Nick Stockley, partner at Mayo Wynne Baxter, believes that the fact the plan was unopposed will have helped the court make the decision in favour of Poundland. Daun states that Poundland secured restructuring approval by demonstrating the “urgent risk of collapse, outlining concrete cost-cutting measures, and presenting a credible plan for fresh investment and debt relief”.

What now for the company?

Barring a significant change in direction, the consensus seems to be that the court decision has merely postponed the collapse of the company. “If Poundland was going to run out of cash on 7 September 2025, there appears to be an inherent problem with the business rather than a cashflow issue. Poundland’s counsel at the hearing said as much.
“It will need to do more with the business than make superficial changes and short-term fixes, the company needs a significant revamp, a possible rebrand and an effective business overhaul if it wants to avoid the fate of Claire’s Accessories,” Stockley explains.

Daun echoes this viewpoint, believing that while the court has bought the company time, underlying challenges remain. “Today’s shoppers want more than just low prices- they expect value that feels ‘smart’ and relevant to their lifestyles. While the court’s decision has delayed administration, the competitive landscape has moved on. If Poundland is to reclaim a place in the UK retail market, a bold leap in brand proposition and customer experience is now essential, she says.

To save itself, Bajaj believes that Poundland must focus on rebuilding its value proposition.. “Emphasising the £1 price point, highlighting seasonal ranges, and delivering clear value cues are the most effective ways to differentiate in a crowded discount market. These categories define the brand’s equity and must be consistently available to retain shopper loyalty.

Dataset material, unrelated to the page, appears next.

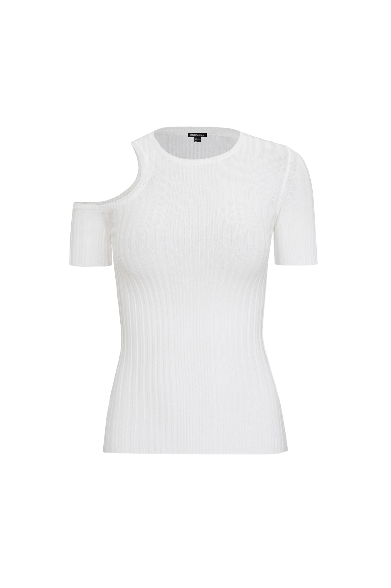 Трикотажный топ из вискозы в широкий рубчик с вырезом на плече.

“Execution discipline is the deciding factor. Availability on top-selling lines will determine how quickly customer confidence returns. Gross margin after markdowns has to be tightly managed to avoid eroding the model. Cash discipline depends on rebuilding supplier trust and negotiating terms that support working capital. Without sharper agreements and reliable fulfilment, liquidity will remain under pressure,” he says.

He also emphasises the importance of operational visibility stating that the stores which continue to trade must stay easy to find through digital listings and local search in order for convenience and price to work hand in hand.

“Marketing should remain close to transactions, with clear local offers rather than broad campaigns. The plan secures a future path, but only if operational delivery proves that Poundland can trade profitably under tighter discipline. The near-term signal will be whether suppliers extend credit on sharper terms,” he concludes.

The next few weeks and months are vital for the future of Poundland. There is a path to survival for the beleaguered company but it is a path fraught with danger and a path which many believe only ends in failure.